(Dataset records)
************

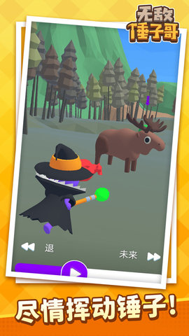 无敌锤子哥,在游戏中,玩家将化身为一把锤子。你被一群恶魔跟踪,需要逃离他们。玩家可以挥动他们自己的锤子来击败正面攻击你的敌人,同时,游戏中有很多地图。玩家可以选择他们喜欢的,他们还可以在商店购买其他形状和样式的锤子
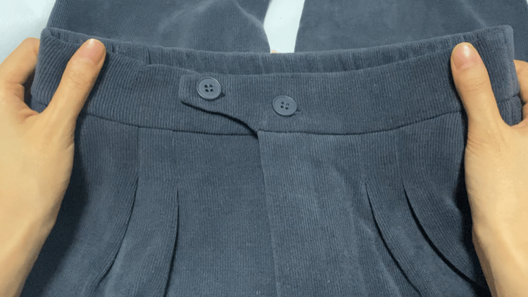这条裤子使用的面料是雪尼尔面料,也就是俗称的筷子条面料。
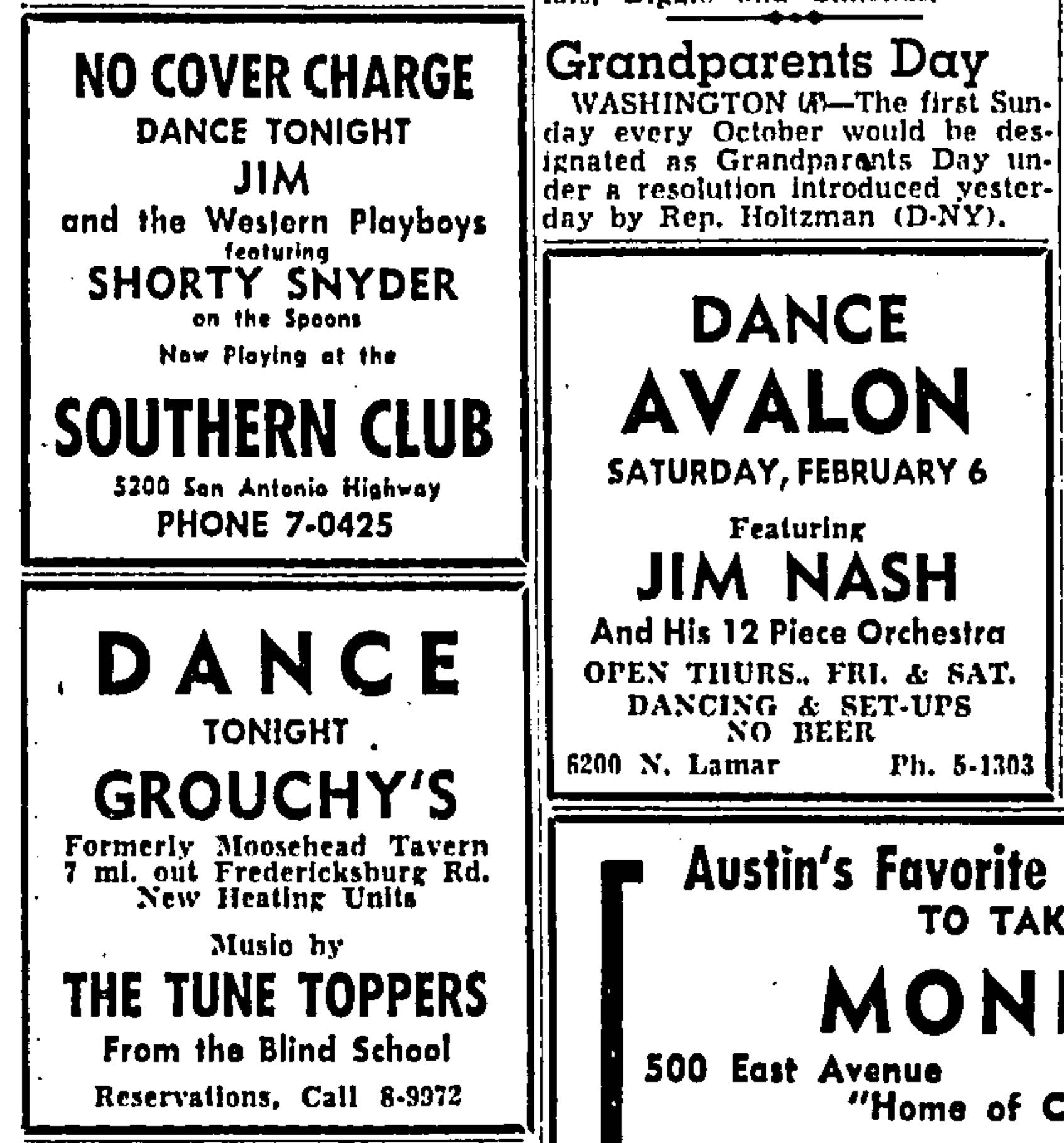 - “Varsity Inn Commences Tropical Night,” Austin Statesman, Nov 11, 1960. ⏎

************

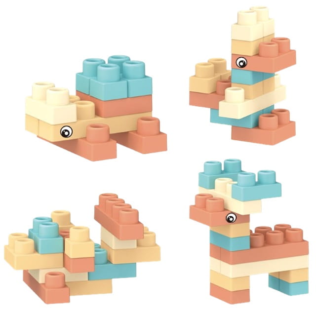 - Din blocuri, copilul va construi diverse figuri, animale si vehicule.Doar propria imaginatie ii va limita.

************

(Task instructions)
Both the line above containing "无敌锤子哥,在游戏中,玩家将" and the line containing "11, 1960. ⏎" belong in the copy, along with every line between them; print these exactly and omit the pictures.

(Reply to the exercise)
 无敌锤子哥,在游戏中,玩家将化身为一把锤子。你被一群恶魔跟踪,需要逃离他们。玩家可以挥动他们自己的锤子来击败正面攻击你的敌人,同时,游戏中有很多地图。玩家可以选择他们喜欢的,他们还可以在商店购买其他形状和样式的锤子
这条裤子使用的面料是雪尼尔面料,也就是俗称的筷子条面料。
 - “Varsity Inn Commences Tropical Night,” Austin Statesman, Nov 11, 1960. ⏎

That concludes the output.